> WORK TO COMPLETE
Here, set down only the lines between the line that contains "Rot, silbergrau, weißer" and the final line of the material, both included, exactly as written. Skip the pictures.

> PROVIDED DATA
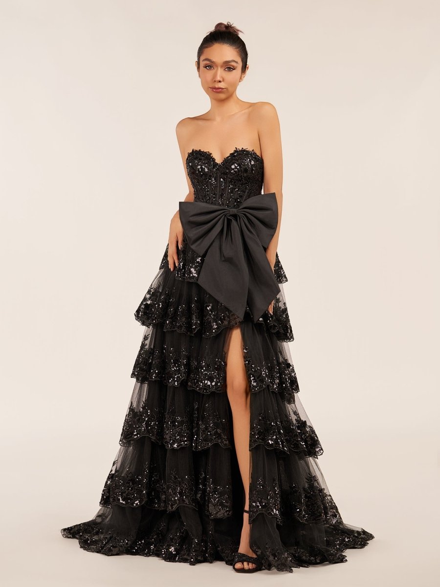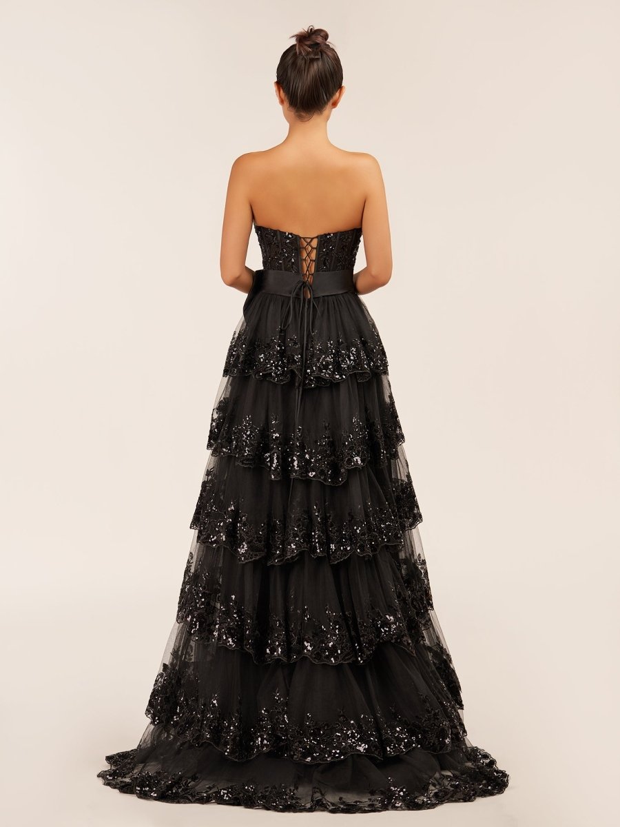 Step into elegance with our Sweetheart Lace Appliques Ruffle Long Formal Gown. This A-line dress offers a universally flattering silhouette that flows gracefully to the floor and it is crafted from delicate lace fabric. An ideal choice for both evening dresses and formal dresses, with its sweetheart neckline highlights the neckline with classic charm, while exquisite lace appliques add texture and sophistication. It is available in a selection of captivating colors — light blue, pink, red, and black that allows you to find the perfect hue for any formal occasion. The ruffled layers and bow-knot provide subtle volume and a touch of whimsy, while the lace-up back ensures an adjustable, secure fit. This dress is the ultimate choice for those who want to make a lasting impression.
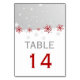 Rot, silbergrau, weißer Schneeflocken, moderne Hochzeitsfeier-Tischnummer Platzkarte, mit Sternen und eleganten roten Schneeflocken auf Grau. Text in rot und grau. Ein stilvolles Design, das perfekt für Ihren Winter, Dezember oder Weihnachten Hochzeit ist. Falten Sie es entlang der gepunkteten Linie, um eine gefaltete Platzkarte im Zeltstil zu haben.
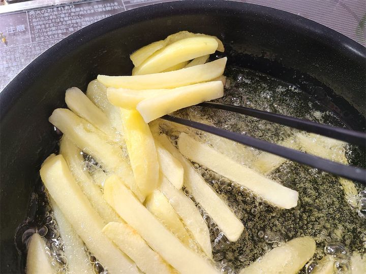 秘訣はいくつかありますが、何といっても「冷凍庫で一度冷やす」ことですよね。これは初めての工程でした。冷凍で売っているフライドポテトは買って揚げたことはありますが、じゃがいもを自分で切って作るときは冷凍はしていませんでした。冷凍庫で冷やして水分飛ばしているのでカリっと仕上がるそうなんです!勉強になりますよね♪それから、切ったじゃがいもをしっかりと水に浸してじゃがいもの糖分を確実に落とすことで、焦げにくくなるそうです。これも覚えておきたいですね!

> OUTPUT
 Rot, silbergrau, weißer Schneeflocken, moderne Hochzeitsfeier-Tischnummer Platzkarte, mit Sternen und eleganten roten Schneeflocken auf Grau. Text in rot und grau. Ein stilvolles Design, das perfekt für Ihren Winter, Dezember oder Weihnachten Hochzeit ist. Falten Sie es entlang der gepunkteten Linie, um eine gefaltete Platzkarte im Zeltstil zu haben.
 秘訣はいくつかありますが、何といっても「冷凍庫で一度冷やす」ことですよね。これは初めての工程でした。冷凍で売っているフライドポテトは買って揚げたことはありますが、じゃがいもを自分で切って作るときは冷凍はしていませんでした。冷凍庫で冷やして水分飛ばしているのでカリっと仕上がるそうなんです!勉強になりますよね♪それから、切ったじゃがいもをしっかりと水に浸してじゃがいもの糖分を確実に落とすことで、焦げにくくなるそうです。これも覚えておきたいですね!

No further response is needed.